Many scientists want the ability to write larger genomes, such as those from plants, animals and humans. Getting there requires greater investment in design software (most likely incorporating artificial intelligence) and in faster, cheaper methods for synthesizing and assembling DNA sequences at least millions of nucleotides long. With sufficient funding, the writing of genomes on the billion-nucleotide scale could be a reality before the end of this decade. Investigators have many applications in mind, including the design of plants that resist pathogens and an ultrasafe human cell line—impervious, say, to virus infections, cancer and radiation—that could be the basis for cell-based therapies or for biomanufacturing. The ability to write our own genome will inevitably emerge, enabling doctors to cure many, if not all, genetic diseases.
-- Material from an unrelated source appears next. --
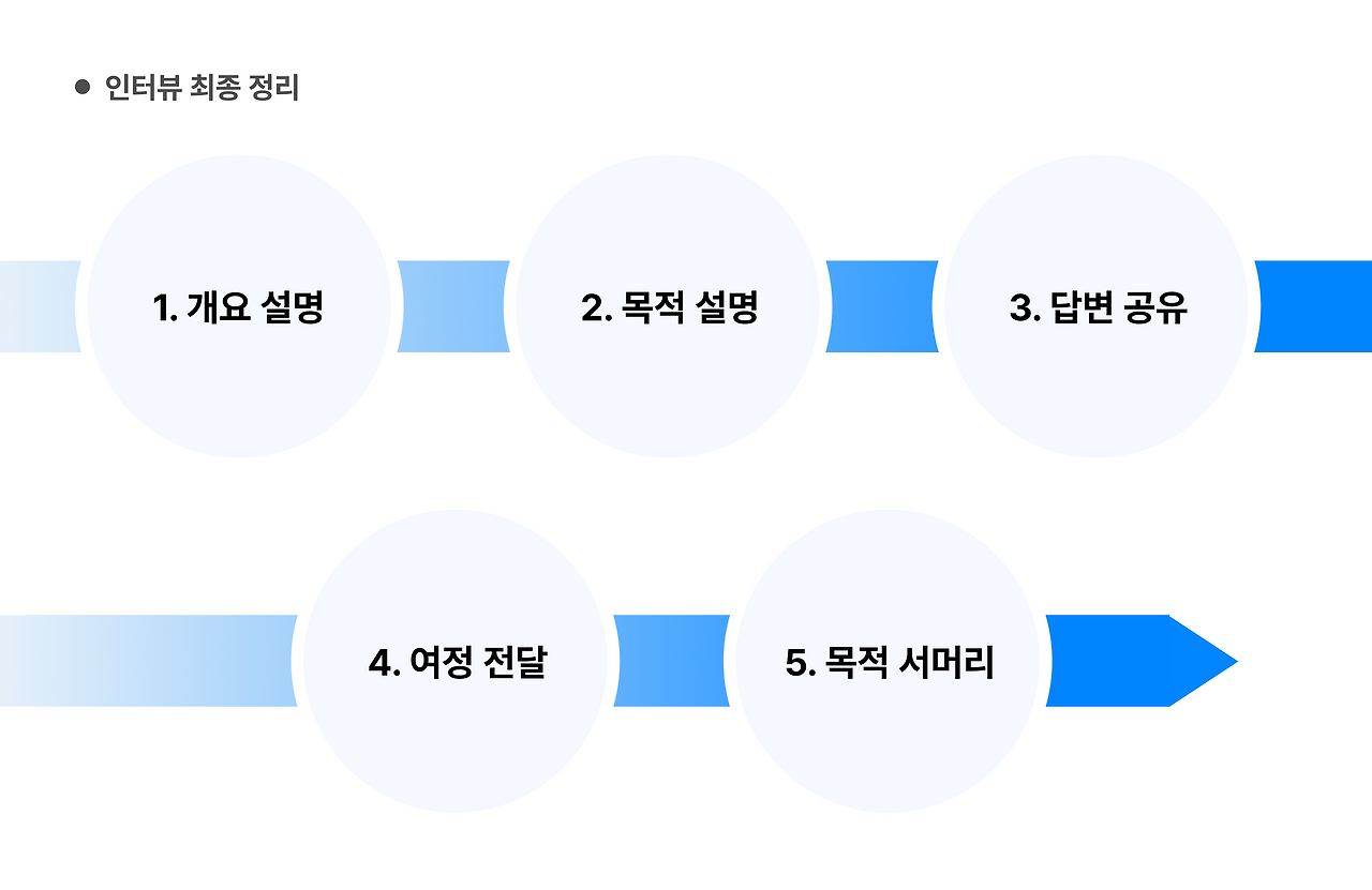 목적은 적게는 2번, 많으면 3번까지도 말해도 됩니다. 이런 과정이 있어야 공유를 듣는 사람들이 '아 오늘 저거만 알면되는구나'하고 인터뷰 내용을 꼼꼼하게 듣습니다.

Of course, whole-genome engineering could be misused, with the chief fear being weaponized pathogens or their toxin-generating components. Scientists and engineers will need to devise a comprehensive biological security filter: a set of existing and novel technologies able to detect and monitor the spread of new threats in real time. Investigators will need to invent testing strategies that can scale rapidly. Critically, governments around the world must cooperate much more than they do now.
The Genome Project-write, a consortium formed in 2016, is positioned to facilitate this safety net. The project includes hundreds of scientists, engineers and ethicists from more than a dozen countries who develop technologies, share best practices, carry out pilot projects, and explore ethical, legal and societal implications.